Louis sintió que su corazón se aceleraba, tentado de pellizcarle las mejillas, pero recordando sus habituales retrocesos, se contuvo. «¿Un simple gracias es todo lo que obtengo?», bromeó.
Aunque Louis estaba bromeando, Kiera se detuvo antes de ofrecerle sorprendentemente un regalo.
Sorprendido, Louis exclamó: «¿Esto es realmente para mí?».
Kiera se sintió tímida. Anteriormente había hecho una muñeca artesanal para Elena, lo que Louis había notado y, en tono de broma, le había pedido una para él. Recordando esto, ella había ido a casa y había hecho una muñeca solo para él.
La sonrisa de Louis se amplió mientras levantaba las cejas con sorpresa. «¿Tú hiciste esto?».
«Sí», asintió Kiera simplemente.
Mientras Louis inspeccionaba la muñeca, dándole vueltas entre las manos, de repente se detuvo, desconcertado. «¿Se supone que esto es un lobo?». La muñeca era un juguetón lobo gris.
Una chispa de diversión cruzó los ojos de Kiera mientras volvía a asentir en señal de confirmación.
Louis apretó la mandíbula e inhaló bruscamente, con los pensamientos acelerados. ¿Era esto una sutil pulla hacia él?
Soltó una breve risa, aunque la frustración era evidente en su tono. —¿Te estás burlando de mí? ¿Después de todo lo que he hecho, esto es lo que me das a cambio?
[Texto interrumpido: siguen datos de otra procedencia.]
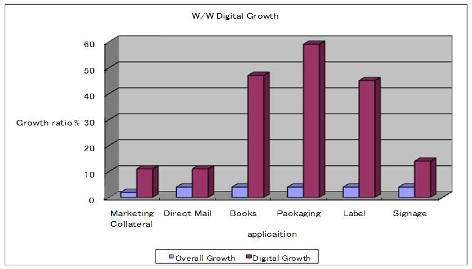 商業(yè)打印領(lǐng)域的焦點(diǎn)在高速寬幅數(shù)碼印刷機(jī),全球只有少數(shù)幾家公司擁有此種技術(shù),市場(chǎng)能見到的主要的機(jī)型有大日本網(wǎng)屏的TruepressJet520,日本宮腰的MJP系列,東京Kikai的Jetreader,惠普的Webpress T300,柯達(dá)的Prosper5000XL等,此類卷紙印刷機(jī)的主要應(yīng)用在直郵、帳單、書報(bào)出版、促銷廣告等方面,以宮腰的MJP20F為例,在1200X1200DPI精度下,速度可達(dá)每分鐘250米,打印幅寬541毫米。
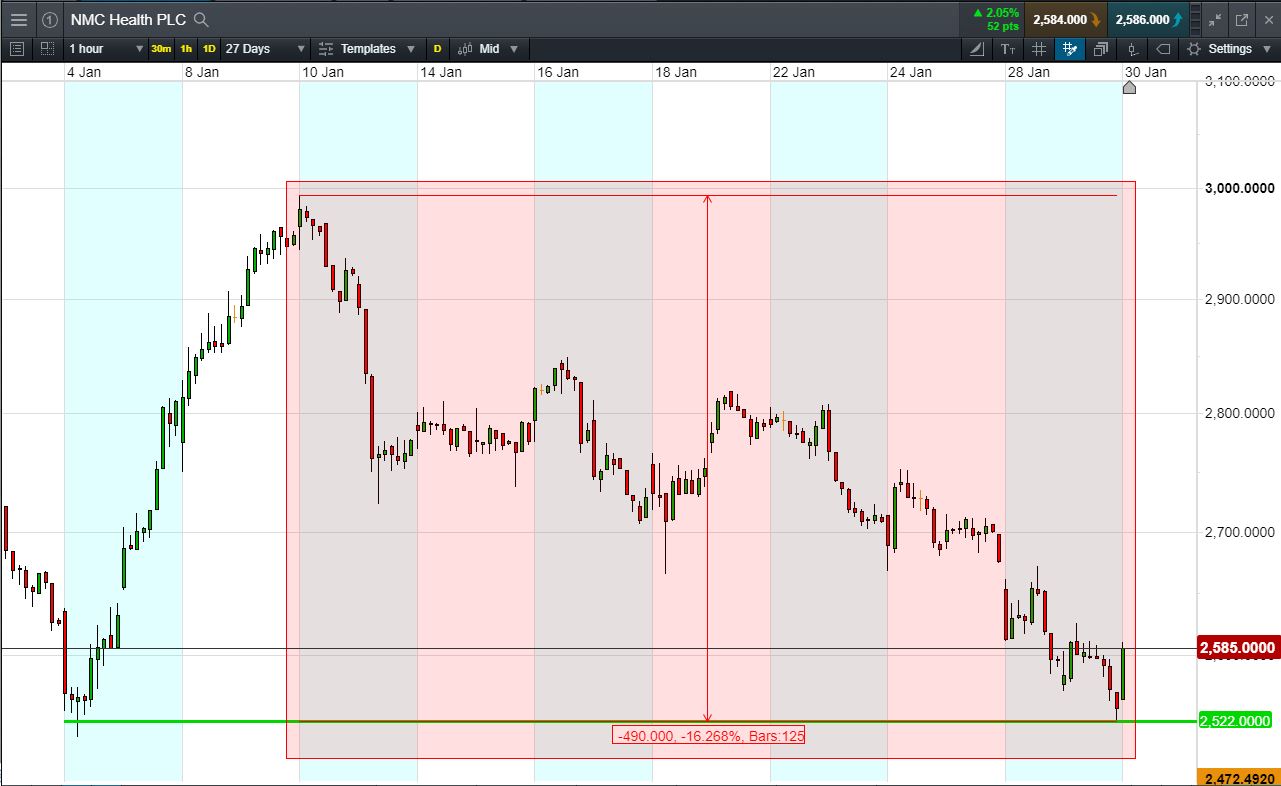 Let’s assume NMC Health recovers back to 3011p recent highs (+16.4%). Your profit would be £1640, from your initial investment of £2,000.
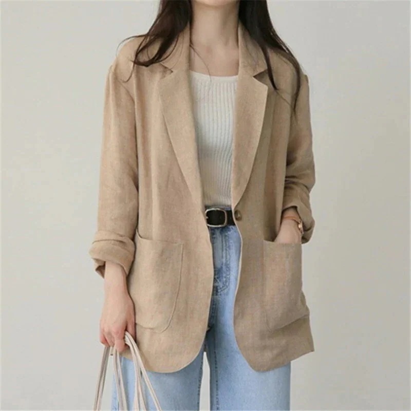 のジャケット英国スタイルのンスーツ女性のカジュアルな長袖の綿とンの小さなスーツジャケット

Kiera se sintió avergonzada. Cuando confeccionó el muñeco, le vino a la mente la imagen de un lobo juguetón, reflejando cómo Louis solía bromear con ella. Para ella, él se parecía a un lobo juguetón. No había tenido la intención de que el muñeco fuera un regalo en circunstancias tan incómodas.
Kiera se mordió el labio, sintiendo una oleada de inquietud. De hecho, llamarlo lobo juguetón después de su ayuda podría haber sido una extralimitación.
Levantó lentamente la mirada, solo para encontrarse con que Louis la miraba con expresión desconcertada. Sus mejillas se sonrojaron de vergüenza cuando se dio cuenta de que la había pillado mirándolo fijamente.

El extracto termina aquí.